_Action item_
All that is wanted is the line with "Close-up of brown" and each line after it to the end of the data below, set down exactly and without pictures.

Data entries:
>>>

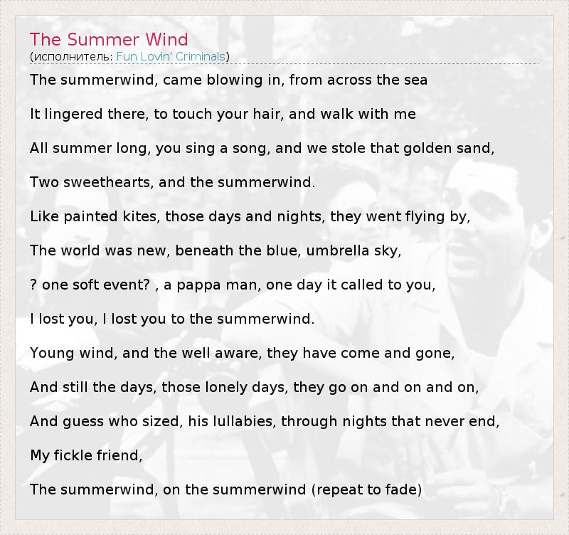А как ты думаешь, о чем песня "The Summer Wind" ?
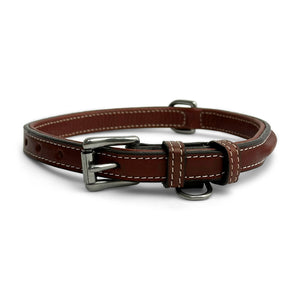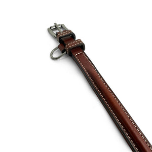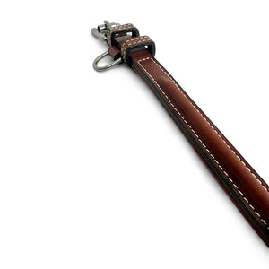 Close-up of brown leather texture, showing natural grain patterns and fine lines with a subtle sheen.
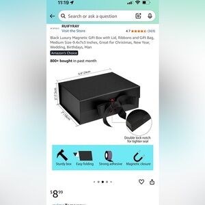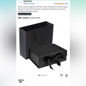 These are brand new! Original price per box is $8.99. Get all 5 for one low price! Elegant MAGNETIC black gift boxes with bags are perfect for any occasion. The sleek design adds a touch of sophistication to your gifts.
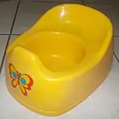 Equipment used for toilet training such as a potty chair will typically include a urine deflector to ensure that the urine does not splash forward and outside the receptacle.[1]
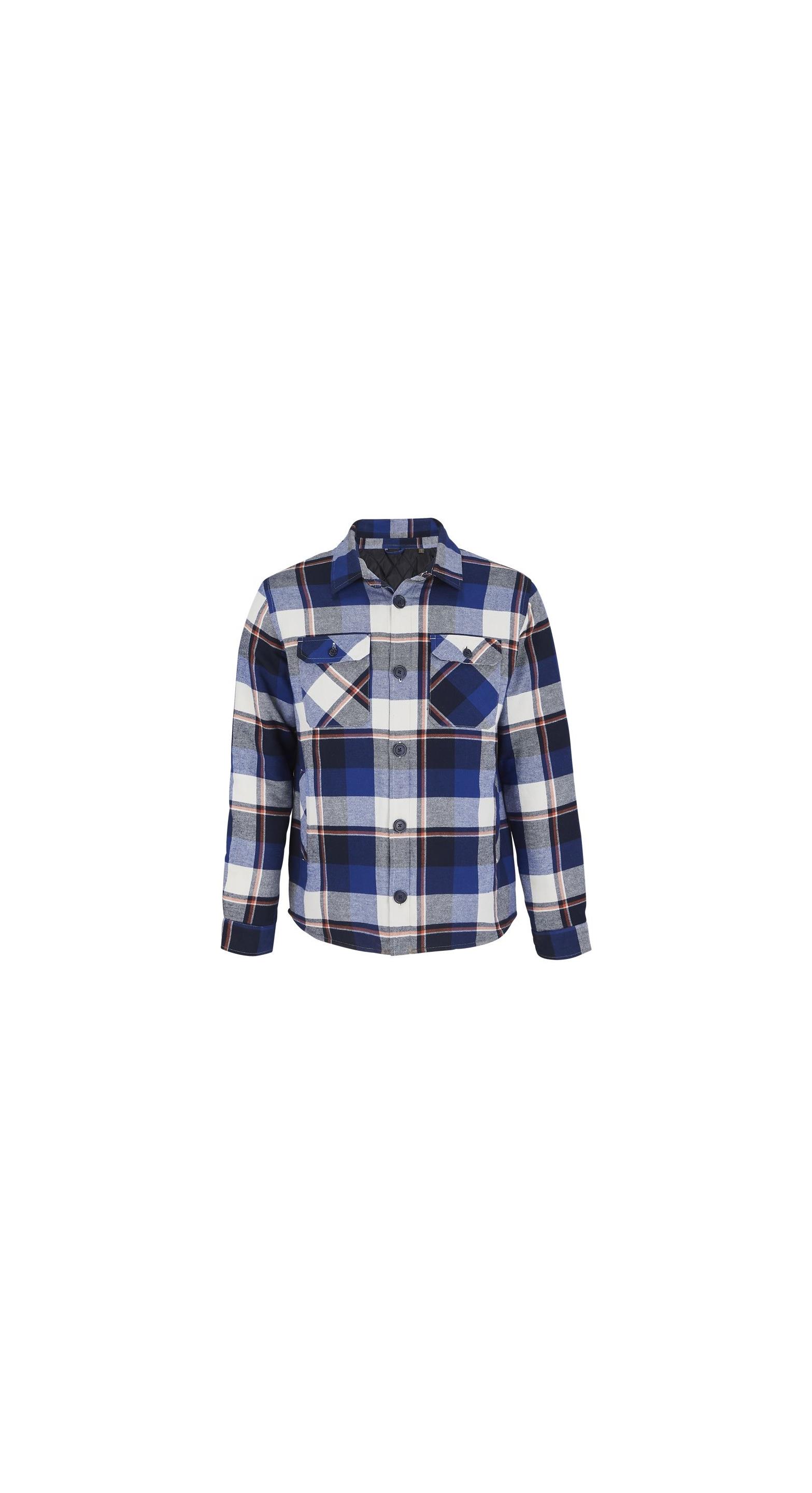 Existe en 3 diseños a cuadros diferentes - Abertura principal abotonada - Cuello camisa - Bolsillos laterales - 2 bolsillos de parche en el pecho, abotonados - Puños abotonados con una abertura - Bolsillo interior en el pecho en el lado del corazón con cierre Velcro - Forro acolchado - Cremallera interior bajo del dorso para la personalización - Dorso alargado y corte cómodo
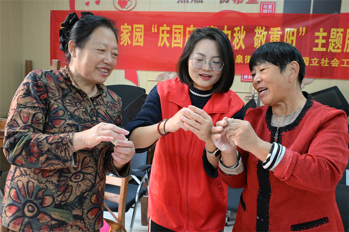 “重阳蛋糕想做得好吃,原料准备尤其关键,大米粉和糯米粉要按3∶7的比例混合而成,这样蒸出来的重阳蛋糕才会色泽如玉。”社区志愿者面点师正在现场示范制糕窍门,老人们也兴致勃勃按捺不住地加入进来,一试身手。重阳蛋糕象征“百事俱高”的祝福之意,也有“迎福接吉”的寓意,既是向重阳节献礼,也是为老人们献上一份美好的祝福。活动现场,国立巾帼志愿者们为社区老人准备了重阳糕,欢快的场面让现场热闹起来。

<<<

_Your response_
 Close-up of brown leather texture, showing natural grain patterns and fine lines with a subtle sheen.
 These are brand new! Original price per box is $8.99. Get all 5 for one low price! Elegant MAGNETIC black gift boxes with bags are perfect for any occasion. The sleek design adds a touch of sophistication to your gifts.
 Equipment used for toilet training such as a potty chair will typically include a urine deflector to ensure that the urine does not splash forward and outside the receptacle.[1]
 Existe en 3 diseños a cuadros diferentes - Abertura principal abotonada - Cuello camisa - Bolsillos laterales - 2 bolsillos de parche en el pecho, abotonados - Puños abotonados con una abertura - Bolsillo interior en el pecho en el lado del corazón con cierre Velcro - Forro acolchado - Cremallera interior bajo del dorso para la personalización - Dorso alargado y corte cómodo
 “重阳蛋糕想做得好吃,原料准备尤其关键,大米粉和糯米粉要按3∶7的比例混合而成,这样蒸出来的重阳蛋糕才会色泽如玉。”社区志愿者面点师正在现场示范制糕窍门,老人们也兴致勃勃按捺不住地加入进来,一试身手。重阳蛋糕象征“百事俱高”的祝福之意,也有“迎福接吉”的寓意,既是向重阳节献礼,也是为老人们献上一份美好的祝福。活动现场,国立巾帼志愿者们为社区老人准备了重阳糕,欢快的场面让现场热闹起来。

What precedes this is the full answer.